Habíamos tomado un atajo en el bosque. Al primer alto, nos detuvimos frente


de un herido, éste estaba al costado de un camino. Cerca de él había un cubo de
agua. Le habían dado la orden.<<Toma el cuarto de ron preparado. — Si es de
ron, dijimos nosotros, se va a armar; si es té, hay todavía algo de bueno.>> Pero,
finalmente nada, y nos bebimos el agua del cubo.

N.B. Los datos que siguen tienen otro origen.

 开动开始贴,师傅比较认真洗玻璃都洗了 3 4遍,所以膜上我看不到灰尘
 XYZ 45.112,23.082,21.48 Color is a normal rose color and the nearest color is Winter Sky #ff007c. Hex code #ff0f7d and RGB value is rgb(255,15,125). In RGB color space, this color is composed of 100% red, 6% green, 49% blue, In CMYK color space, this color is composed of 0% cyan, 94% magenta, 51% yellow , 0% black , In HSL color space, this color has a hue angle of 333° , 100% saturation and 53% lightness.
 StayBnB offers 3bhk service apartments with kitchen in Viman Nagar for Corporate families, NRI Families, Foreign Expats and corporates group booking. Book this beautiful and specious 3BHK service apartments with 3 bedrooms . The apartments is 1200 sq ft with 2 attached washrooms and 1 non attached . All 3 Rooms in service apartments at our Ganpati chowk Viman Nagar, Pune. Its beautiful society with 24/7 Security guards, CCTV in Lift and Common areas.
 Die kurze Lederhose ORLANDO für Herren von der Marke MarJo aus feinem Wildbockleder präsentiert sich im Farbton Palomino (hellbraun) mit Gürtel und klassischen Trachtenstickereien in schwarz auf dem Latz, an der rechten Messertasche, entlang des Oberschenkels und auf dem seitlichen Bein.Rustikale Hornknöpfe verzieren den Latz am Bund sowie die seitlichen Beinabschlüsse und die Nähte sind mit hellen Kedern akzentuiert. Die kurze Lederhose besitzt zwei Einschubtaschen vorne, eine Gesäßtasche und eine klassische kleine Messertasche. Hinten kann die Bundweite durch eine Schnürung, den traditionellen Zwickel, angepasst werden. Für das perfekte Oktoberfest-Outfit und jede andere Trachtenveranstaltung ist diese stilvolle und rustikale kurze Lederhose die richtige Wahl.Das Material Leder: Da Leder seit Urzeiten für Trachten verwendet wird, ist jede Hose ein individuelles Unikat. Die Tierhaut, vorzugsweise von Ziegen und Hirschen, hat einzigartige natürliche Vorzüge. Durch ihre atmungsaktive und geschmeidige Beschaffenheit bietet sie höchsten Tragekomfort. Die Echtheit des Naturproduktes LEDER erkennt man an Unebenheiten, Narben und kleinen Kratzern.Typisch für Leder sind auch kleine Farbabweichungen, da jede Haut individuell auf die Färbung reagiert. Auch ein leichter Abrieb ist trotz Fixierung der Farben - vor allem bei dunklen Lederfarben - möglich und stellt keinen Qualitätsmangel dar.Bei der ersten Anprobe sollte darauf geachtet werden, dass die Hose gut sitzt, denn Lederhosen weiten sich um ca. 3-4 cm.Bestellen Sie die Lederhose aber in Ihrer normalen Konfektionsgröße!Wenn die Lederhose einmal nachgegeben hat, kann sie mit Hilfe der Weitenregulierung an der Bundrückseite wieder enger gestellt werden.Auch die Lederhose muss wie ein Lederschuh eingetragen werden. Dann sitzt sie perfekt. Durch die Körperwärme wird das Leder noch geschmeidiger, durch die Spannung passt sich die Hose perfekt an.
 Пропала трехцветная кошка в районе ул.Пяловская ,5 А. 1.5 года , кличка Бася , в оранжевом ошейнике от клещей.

En cuanto al herido, había recibido dos balas perdidas en la pierna; nos desea
buena suerte y de << trabajar así de bien como lo había hecho su compañía>>

Dos horas de caminata más y cae la noche. Entonces, nos dimos cuenta de
que nos habíamos creo perdidos, hasta, justo, el descubrimiento de ese pueblo de
chozas, que estaba sobre el otro lado del barranco. Agrupados, los
francotiradores, se abrigan en su propio fuego. Un orfebre, inclinado, parece

51
trabajar en cosas delicadas: no es una dama, pero veo brazaletes y una espalda
dorada. Se hace necesario atravesar un hueco, pero, al instante, Delieu cae sobre
un estanque de barro.

Recibimos la orden de acampar, entonces, con una bugía visito los toldos que
están sin fuego. Dentro del primero encuentro a un zuavo con dos manchas de
sangre en los pómulos. Me dice solamente:<< me siento mal>>. Y, << Dónde te
sientes mal? —No. — ¿Dónde está tu compañía? — No.>> Tiene una barba
espesa, y el aire salvaje.

La choza vecina es grande, y apenas húmeda. Entramos. Delieu raspa con su


cuchillo las pequeñas manchas de barro de su capó; Blanchet se va a buscar, de
derecha a izquierda, las bolas de paja. Los otros comen o duermen.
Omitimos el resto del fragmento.